NOVENO.- En conclusión, la mercantil actora suscribió un contrato de opción sobre una cesta de acciones sin contar con la debida información al respecto que debía prestarle la otra parte contratante, BBVA, y ello determina que deba advertirse un error en el consentimiento prestado por POLIGRAS, esencial y excusable, ante el conocimiento incompleto de las circunstancias esenciales del producto, en especial del riesgo asumido, que se originó por razón de la confianza del cliente en el asesor bancario y la información parcial del mismo que en modo alguno permitía conocer que lo que se estaba contratando no era una permuta financiera sino un producto complejo de elevado riesgo.

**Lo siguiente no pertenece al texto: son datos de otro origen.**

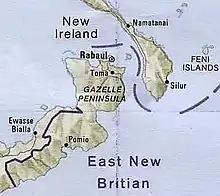 - La région sous administration australienne depuis la fin de la Première Guerre mondiale (mandat de la Société des Nations de 1921[2]) est, à cette époque, dénommée territoire de Nouvelle-Guinée. En 1945, sa fusion avec le territoire de Papouasie donne naissance au territoire de Papouasie et Nouvelle-Guinée (tutelle australienne entérinée par l'ONU en 1949[2]) ; la Papouasie-Nouvelle-Guinée obtenant son indépendance le 16 septembre 1975.

En consecuencia, se ha de confirmar la sentencia de instancia, y así mantener la declaración de nulidad del contrato al amparo de los arts.1261.1 º, 1265 y 1266 CC .

La desestimación del recurso determina que las costas de esta alzada deban imponerse a la recurrente ( arts.394.1 y 398.1 LEC ).

Fallo

El Tribunal acuerda: Desestimamos el recurso de apelación interpuesto por la representación procesal de la entidad BBVA contra la sentencia de 30 de diciembre de 2010 dictada por el Juzgado de Primera Instancia número 49 de Barcelona , que confirmamos, con imposición a la recurrente de las costas causadas en esta alzada.

Con pérdida del depósito consignado.

La presente sentencia es susceptible de recurso de casación si concurren los requisitos legales ( art. 469 - 477 - disposición final 16 LEC ), que se interpondrá ante este Tribunal en un plazo de veinte días a contar desde la notificación de la presente.

Firme esta resolución, devuélvanse los autos al Juzgado de su procedencia, con certificación de la misma.

Pronuncian y firman esta sentencia los indicados Magistrados integrantes de este Tribunal.

PUBLICACIÓN.-En Barcelona, a ....................., en este día, y una vez firmado por todos los Magistrados que lo han dictado, se da a la anterior Sentencia la publicidad ordenada por la Constitución y las leyes. Doy fe.